If you haven’t heard, The Substance (2024) is a revelatory film, intimately connecting us with the silent and self-inflicted savagery behind a femininity sculpted to appear pristine; devoid of flaws, pain, or madness. Coralie Fargeat doesn’t give us no-bush, no-blood femininity. She gives us a broken toe in a ballet slipper. Molars removed to accentuate the cheekbones. Silicone buried under muscle. And poison injected between the eyes.
The plot follows Elisabeth Sparkle (Demi Moore), a Jane Fonda–esque aerobics instructor who is fired for committing the crime of turning 50, discarded by an industry that equates desirability with youth and treats aging as failure. In a desperate attempt to regain relevance, she turns to a black-market treatment known only as “the substance,” which promises to transform her into a younger, hotter version of herself, one who can re-enter Hollywood on acceptable terms.
Enter Sue (Margaret Qualley), Elisabeth’s newly generated other self: vibrant, elastic, entitled, hyper-visible. The catch is strict and clinical: the two must alternate existence on a rigid schedule, sharing one body across time. One lives while the other disappears. Balance, says the mysterious purveyor of this toxic-waste-coded serum, is survival. But balance cannot hold.

Through Elisabeth’s experience, we enter a Hell where fame is love, and love is death and we understand it because we live there too. To be a woman is to deal internally with the grotesque, the messy, the unspoken violence of making oneself desirable. It is to see the body as meat: trimmed, chopped, and pounded for the consumption of others.
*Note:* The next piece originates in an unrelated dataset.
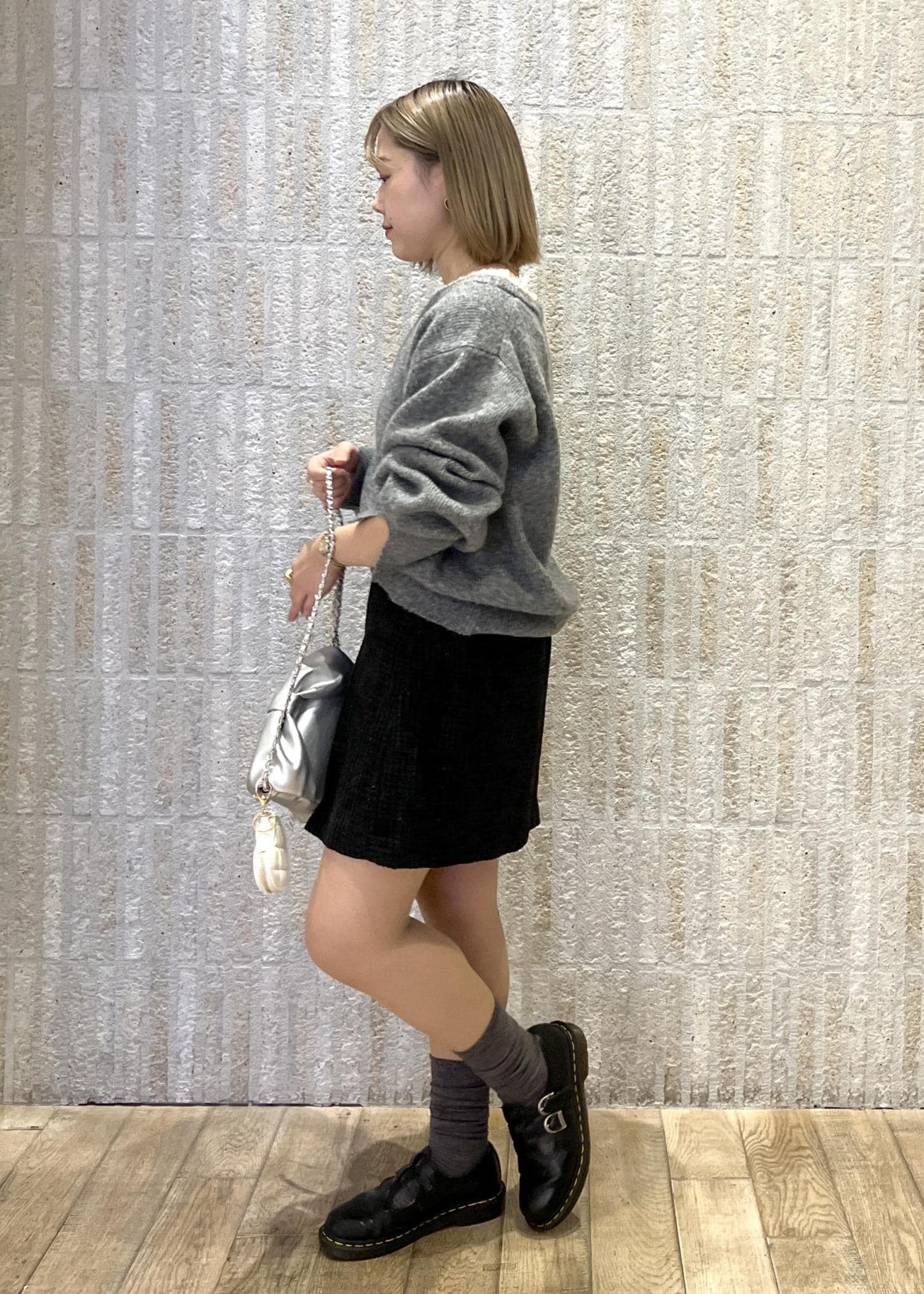 どんなアウターにも合わせやすいコーデですので、

Ain’t nothing demure about it.
So many moments of self-loathing are experienced alone. They are decidedly forgotten, pushed into the dark.
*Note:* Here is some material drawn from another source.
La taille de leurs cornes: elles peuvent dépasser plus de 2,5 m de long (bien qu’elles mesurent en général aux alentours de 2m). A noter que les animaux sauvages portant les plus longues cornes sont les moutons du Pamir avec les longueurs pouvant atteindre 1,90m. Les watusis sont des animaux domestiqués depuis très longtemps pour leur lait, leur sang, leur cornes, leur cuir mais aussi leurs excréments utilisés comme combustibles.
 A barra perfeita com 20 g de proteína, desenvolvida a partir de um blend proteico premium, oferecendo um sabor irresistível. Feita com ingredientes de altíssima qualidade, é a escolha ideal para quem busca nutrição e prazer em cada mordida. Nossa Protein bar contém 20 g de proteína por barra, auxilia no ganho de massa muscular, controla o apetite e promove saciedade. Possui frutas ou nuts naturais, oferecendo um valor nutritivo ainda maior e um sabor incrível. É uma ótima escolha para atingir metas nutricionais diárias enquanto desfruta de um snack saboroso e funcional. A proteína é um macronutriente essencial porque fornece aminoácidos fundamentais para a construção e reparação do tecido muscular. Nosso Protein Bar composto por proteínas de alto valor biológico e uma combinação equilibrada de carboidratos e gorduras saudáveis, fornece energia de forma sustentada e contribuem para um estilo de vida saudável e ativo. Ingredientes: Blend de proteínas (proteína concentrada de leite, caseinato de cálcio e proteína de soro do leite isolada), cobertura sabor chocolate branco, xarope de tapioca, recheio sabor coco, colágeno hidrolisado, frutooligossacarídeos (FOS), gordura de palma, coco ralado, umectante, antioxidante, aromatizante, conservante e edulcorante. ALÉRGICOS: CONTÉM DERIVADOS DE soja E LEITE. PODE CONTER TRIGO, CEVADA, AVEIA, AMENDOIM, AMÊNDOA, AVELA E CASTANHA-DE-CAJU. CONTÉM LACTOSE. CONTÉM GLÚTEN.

Fargeat’s film says, “No. You must look. You must know yourself.”
I found myself saying, “I guess that’s self-hatred too,” again and again as the film peeled back layer after layer of woman’s artifice, revealing the compulsions we normalize and the quiet negotiations we make with our own bodies.

Campy, over-the-top, and told in the language of dreams, The Substance feeds us an important message with a spoonful of “oh my gawd, what am I even watching?! Did that face vagina just birth a titty?!” — it will change you.
This is not a movie. This is a spell.